Самым худшим во второй неделе наказания была, как и предсказывал Джордж, реакция Анджелины. Во вторник, когда он пришел на завтрак, она набросилась на него с таким криком, что профессор МакГонагалл прибежала к ним от преподавательского стола.
— Мисс Джонсон, как вы смеете поднимать такой шум в Большом зале? Минус пять очков Гриффиндору!
— Профессор, ведь он опять оставлен после уроков.
МакГонагалл повернулась к нему:
— Что еще, Поттер? Наказаны?

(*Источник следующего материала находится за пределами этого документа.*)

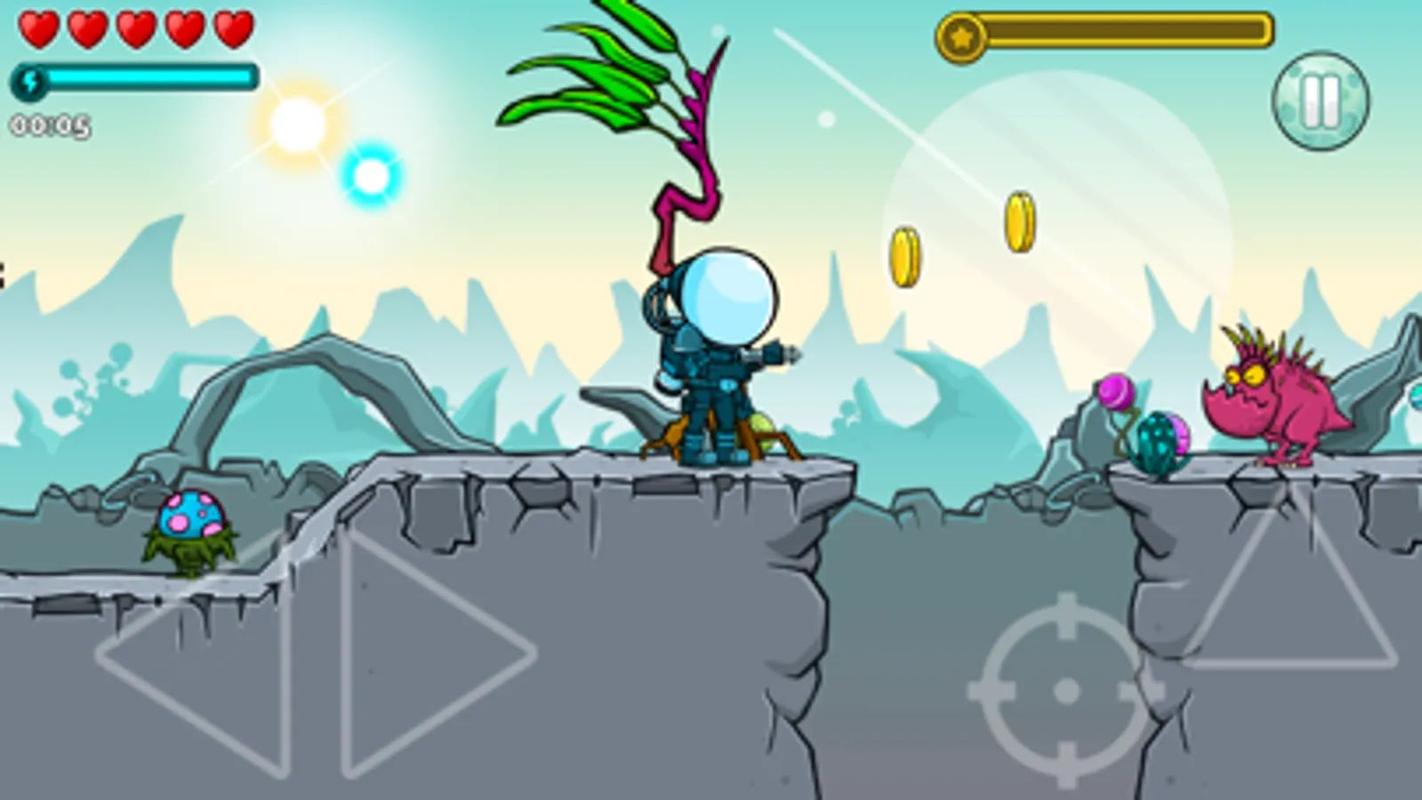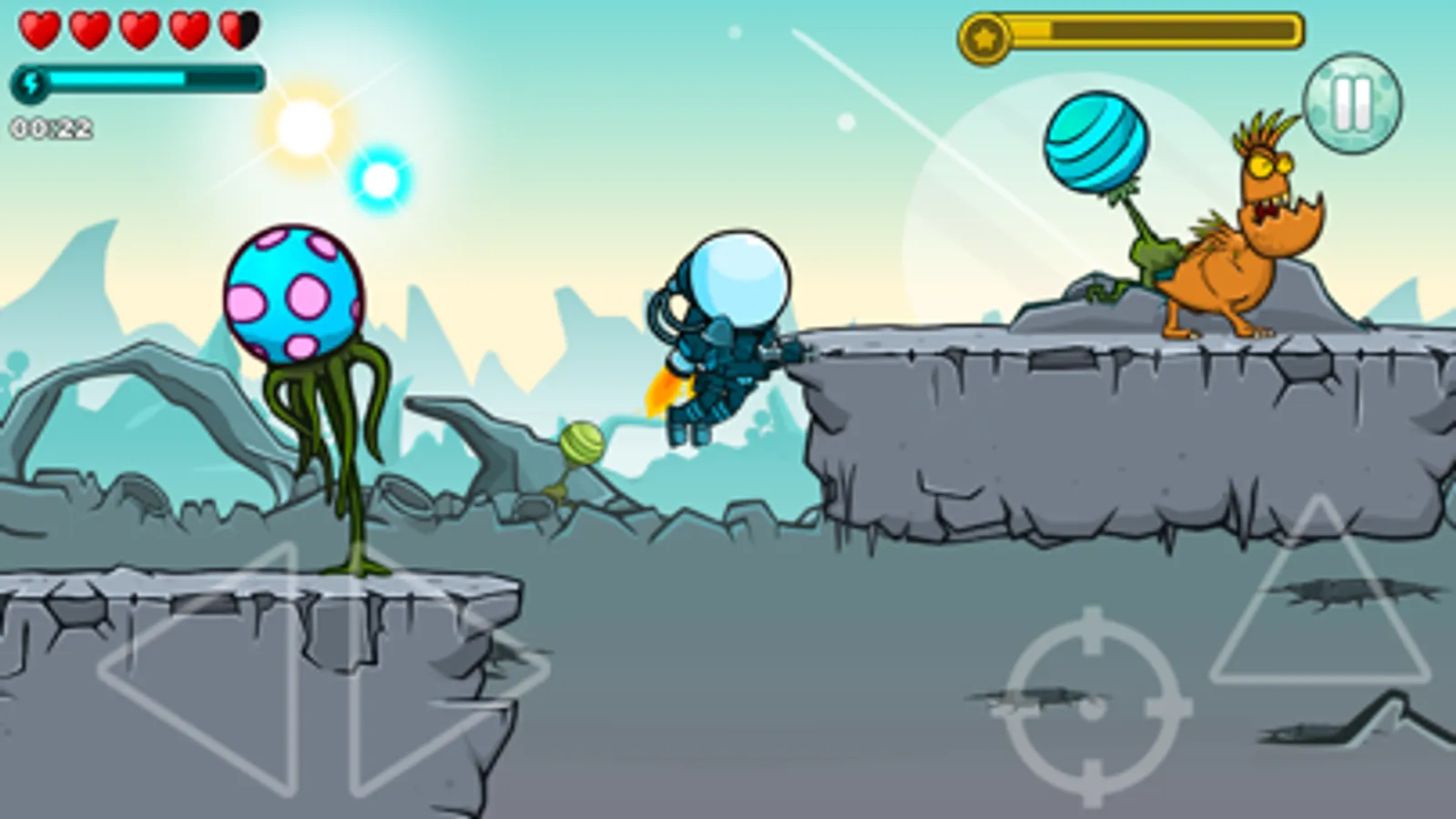 Find the best way to complete the levels. Cosmonaft flies over abysses and cliffs. Fly up like a rocket, shoot at the evil aliens, fall like a stone and start over again.

Кем?
— Профессором Амбридж, — промямлил Гарри, боясь взглянуть в глаза за прямоугольными очками.
— То есть как? — Она понизила голос, чтобы не услышали любопытные когтевранцы позади. — Несмотря на предупреждение в прошлый понедельник, вы опять не сдержались на уроке профессора Амбридж?
— Да, — потупясь, сказал Гарри.
— Поттер, вы должны держать себя в руках! Вы напрашиваетесь на серьезные неприятности! Снимаю еще пять очков с Гриффиндора!
— Но… почему?.. Профессор! — Гарри был взбешен этой несправедливостью. — Меня уже она наказала, почему еще вы отнимаете пять очков?
— Потому что наказания на вас, очевидно, совсем не действуют, — едко ответила она. — Никаких возражений, Поттер! А что до вас, мисс Джонсон, впредь прошу упражнять голос на стадионе, если намерены остаться капитаном команды!
Профессор МакГонагалл зашагала обратно к преподавательскому столу. Анджелина наградила Гарри взглядом, полным отвращения, и удалилась, а он, кипя, сел на скамью рядом с Роном.
— Оштрафовала Гриффиндор за то, что мне каждый вечер взрезают руку! Это что, честно?
— Нет, — сочувственно сказал Рон и положил на тарелку Гарри ломоть бекона. — Да она не в себе.
Гермиона же только листала «Ежедневный пророк».
— По-твоему, МакГонагалл права? — сердито обратился Гарри к портрету Корнелиуса Фаджа, скрывавшему лицо Гермионы.
— Мне жаль, что она оштрафовала тебя, но, по-моему, она правильно предупредила, чтобы ты не сцеплялся с Амбридж, — раздался голос Гермионы позади Фаджа, который энергично жестикулировал на первой странице и явно произносил какую-то речь.
На заклинаниях Гарри не разговаривал с Гермионой, но, когда они пришли на трансфигурацию, вмиг забыл свою обиду. В углу с блокнотом сидела Амбридж, и при виде нее всякое воспоминание о завтраке выветрилось.
— Отлично, — шепнул Рон, когда они заняли свои места. — Тут уж Амбридж свое получит.
Профессор МакГонагалл вошла в класс твердым шагом и так, как будто не заметила присутствия Амбридж.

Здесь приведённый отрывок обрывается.